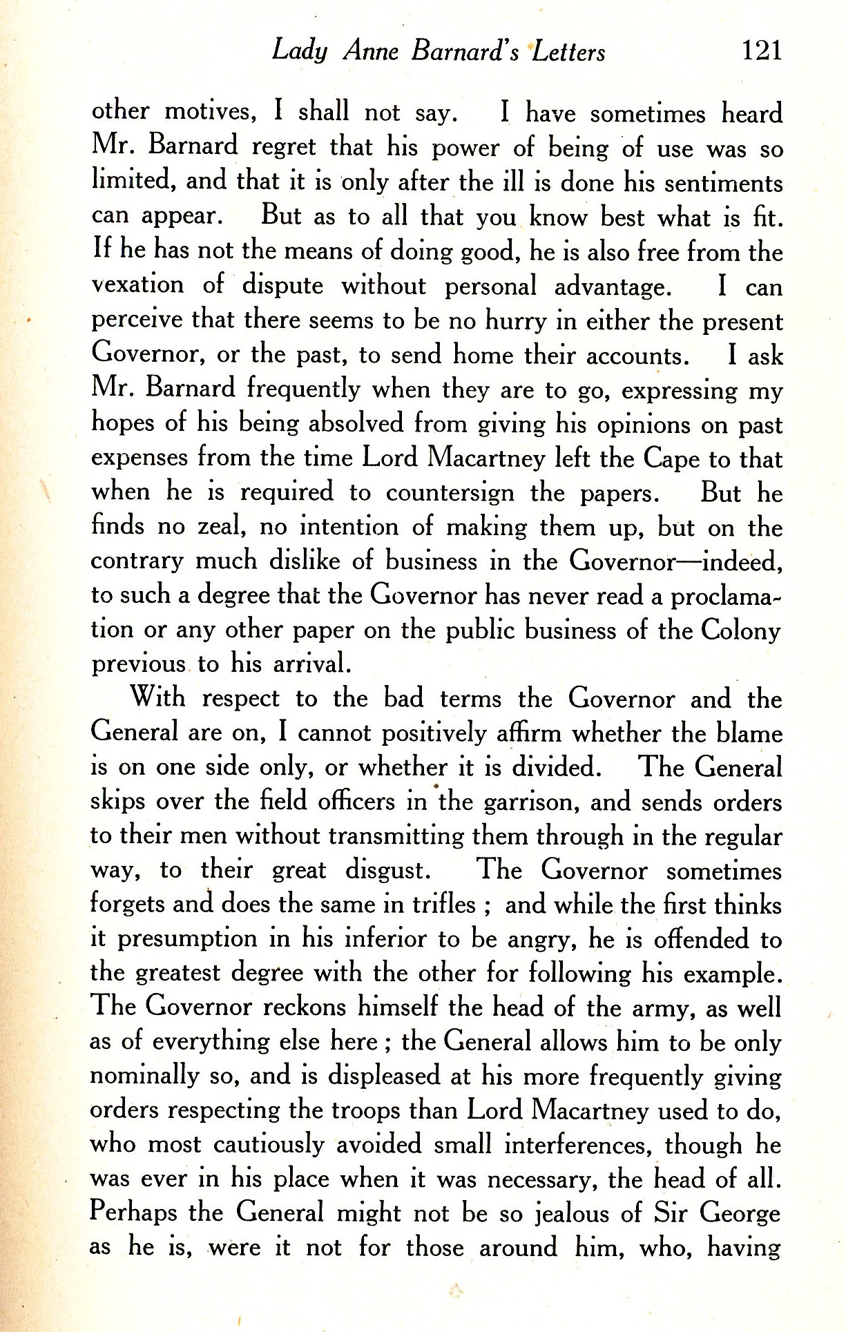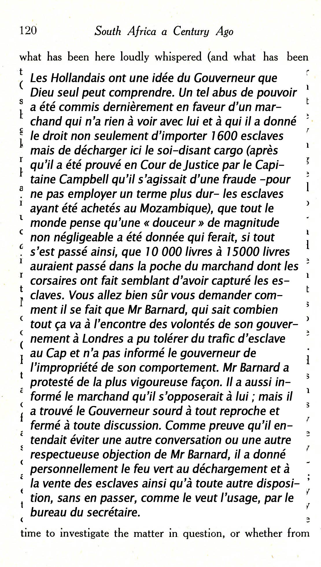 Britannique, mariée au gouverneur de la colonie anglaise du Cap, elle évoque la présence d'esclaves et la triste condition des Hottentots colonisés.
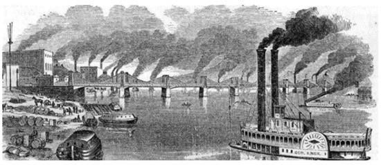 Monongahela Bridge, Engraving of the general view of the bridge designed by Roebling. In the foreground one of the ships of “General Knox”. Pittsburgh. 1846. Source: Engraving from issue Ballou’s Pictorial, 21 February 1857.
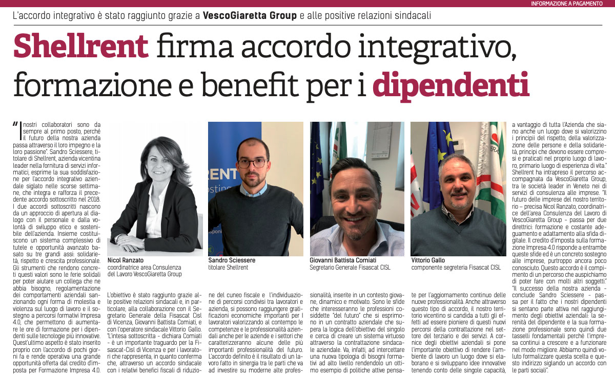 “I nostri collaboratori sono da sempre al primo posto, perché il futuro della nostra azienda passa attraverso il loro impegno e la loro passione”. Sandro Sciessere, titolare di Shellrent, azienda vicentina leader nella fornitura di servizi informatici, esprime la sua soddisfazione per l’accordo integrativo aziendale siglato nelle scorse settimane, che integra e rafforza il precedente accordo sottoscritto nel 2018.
==
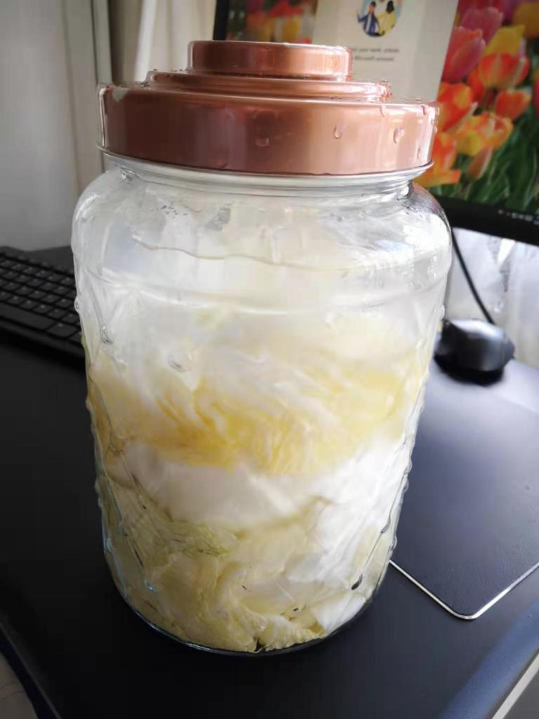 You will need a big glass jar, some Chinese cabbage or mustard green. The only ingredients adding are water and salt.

- TASK DESCRIPTION: In the records above, copy exactly everything from the line that has "Monongahela Bridge, Engraving" down to the line that has "sottoscritto nel 2018.", both ends included, and leave out the pictures.

- RESPONSE TO THE EXERCISE:
 Monongahela Bridge, Engraving of the general view of the bridge designed by Roebling. In the foreground one of the ships of “General Knox”. Pittsburgh. 1846. Source: Engraving from issue Ballou’s Pictorial, 21 February 1857.
 “I nostri collaboratori sono da sempre al primo posto, perché il futuro della nostra azienda passa attraverso il loro impegno e la loro passione”. Sandro Sciessere, titolare di Shellrent, azienda vicentina leader nella fornitura di servizi informatici, esprime la sua soddisfazione per l’accordo integrativo aziendale siglato nelle scorse settimane, che integra e rafforza il precedente accordo sottoscritto nel 2018.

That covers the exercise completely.